Cosine Annealing Optimized Denoising Diffusion Error Correction Codes
Congyang Ou, Xiaojing Chen, Wan Jiang
TL;DR
This work addresses high bit-error rates in decoding long codewords with diffusion-based error-correction codes by applying cosine annealing to the reverse-diffusion variance and to the training loss. The authors introduce cosine-variance scheduling $β_i$ and a cosine update for reverse diffusion, along with cosine training and integrated sampling that optimizes a scalar $λ$ to minimize syndrome errors via $λ^{*}=\arg\min_{λ>0} \|s(x_t - λ \frac{\sqrt{\bar{β}_{cos}}\,β_{cos}}{\bar{β}_{cos}+β_{cos}} \hat{ε})\|_{1}$. Empirical results across multiple code families show that cosine sampling reduces BER relative to fixed variance, while integrated sampling improves iteration efficiency and can drive syndrome iterations to zero for many codewords; there is a trade-off where cosine training yields stronger BER gains and integrated sampling yields faster convergence. Overall, the proposed cosine-annealing strategies offer a more efficient and accurate diffusion-based ECC decoding framework with potential impact on secure digital communications.
Abstract
To address the issue of increased bit error rates during the later stages of linear search in denoising diffusion error correction codes, we propose a novel method that optimizes denoising diffusion error correction codes (ECC) using cosine annealing. In response to the challenge of decoding long codewords, the proposed method employs a variance adjustment strategy during the reverse diffusion process, rather than maintaining a constant variance.
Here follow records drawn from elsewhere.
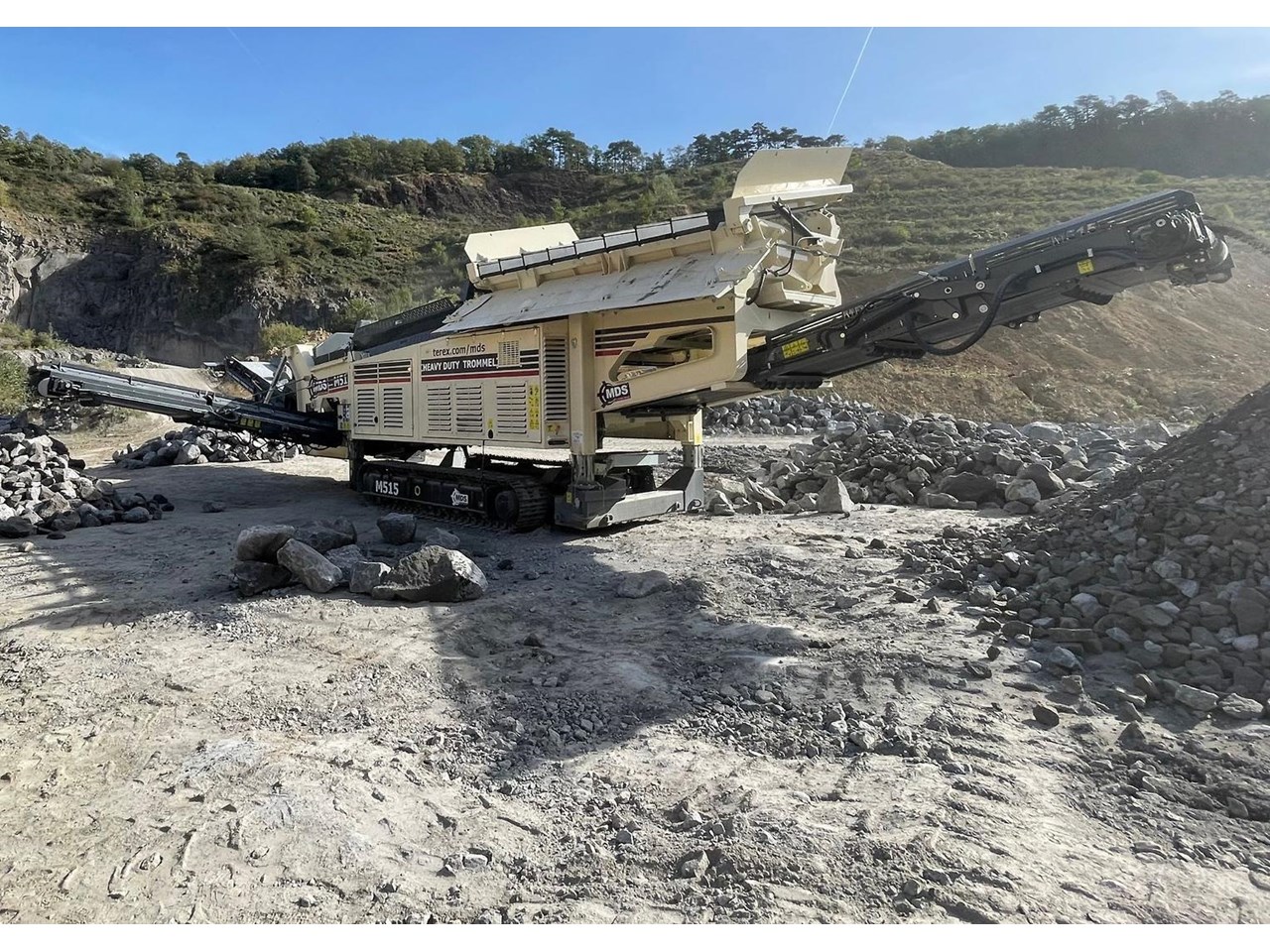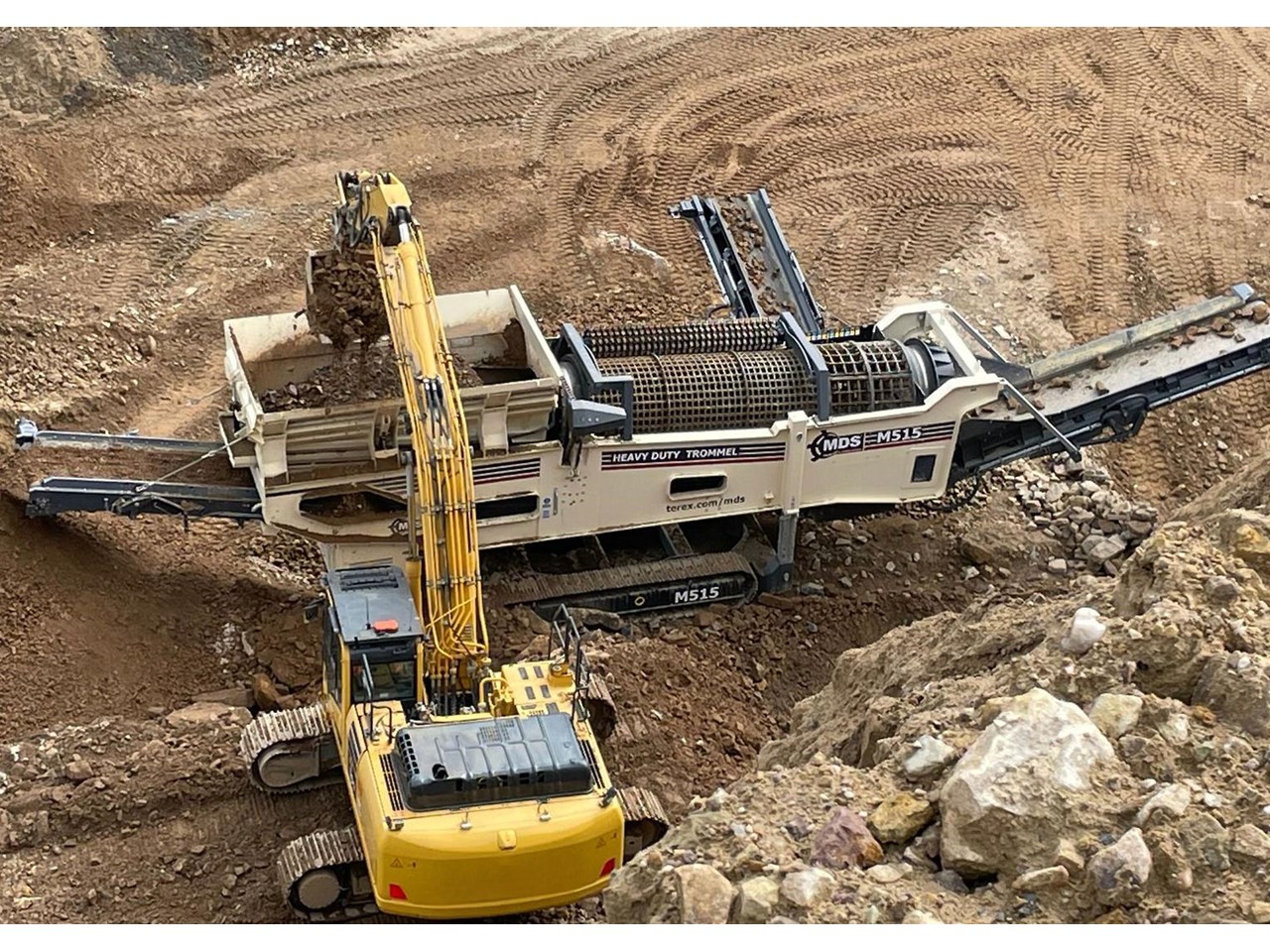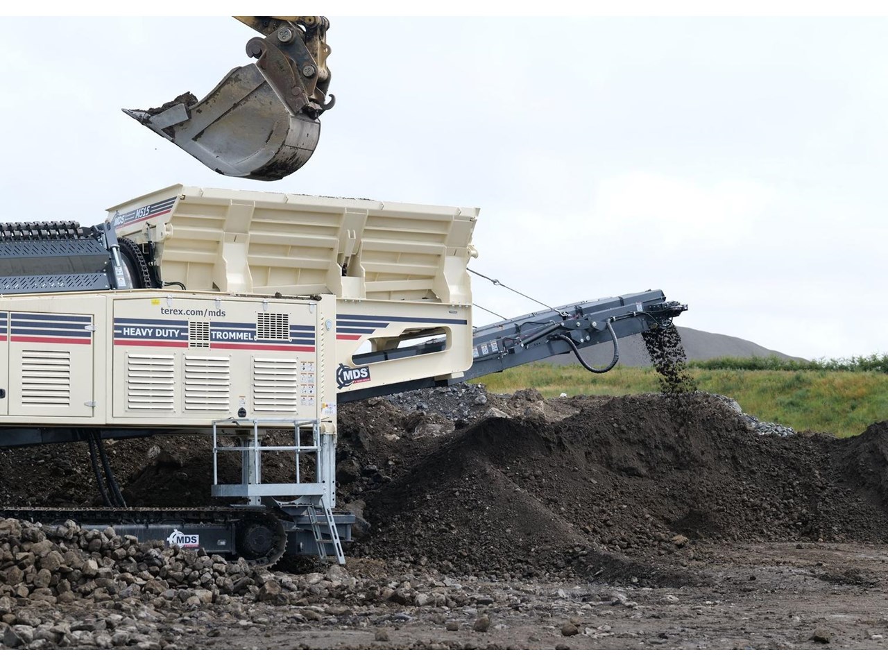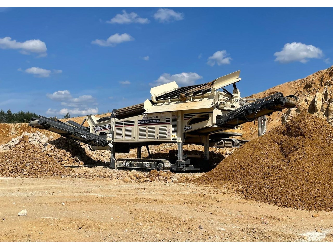 The Terex MDS M515 Heavy Duty Trommel, the flagship model in the Terex MDS range. It excels at crafting RipRap and reclaiming rocks entangled with clay and other adhesive materials. The updated design incorporates new elements that enhance transportation, accessibility, and stockpile capacities.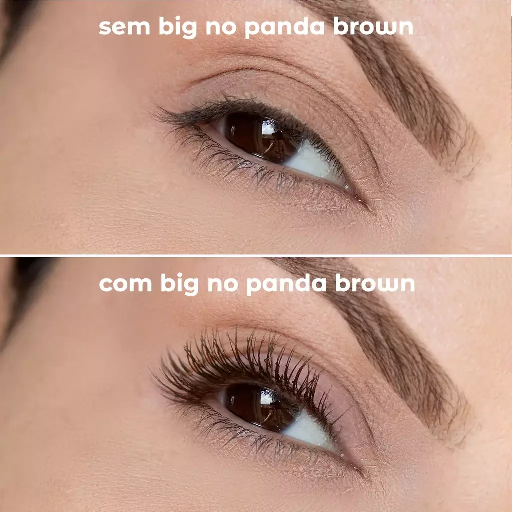 Com pigmentação marrom, a máscara Big No Panda Brown Vizzela entrega um look sofisticado, natural e delicado, realçando a maquiagem de forma elegante. Conta com a tecnologia NO PANDA, que não mancha e sai dos cílios em forma de película com água morna. O aplicador BIG curvado proporciona volume, definição e curvatura, deixando o olhar ainda mais destacado.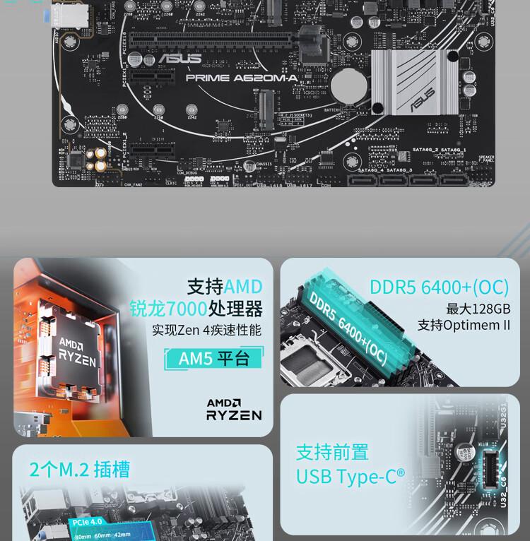 Tarjeta Madre para PC de Escritorio PRIME A620M-A AM5 Soporta CPU 7700X/7600X/7500f

By leveraging cosine annealing, this method effectively lowers the bit error rate and enhances decoding effciency. This letter extensively validates the approach through experiments and demonstrates signifcant improvements in bit error rate reduction and iteration effciency compared to existing methods. This advancement offers a promising solution for improving ECC decoding performance, potentially impacting secure digital communication practices.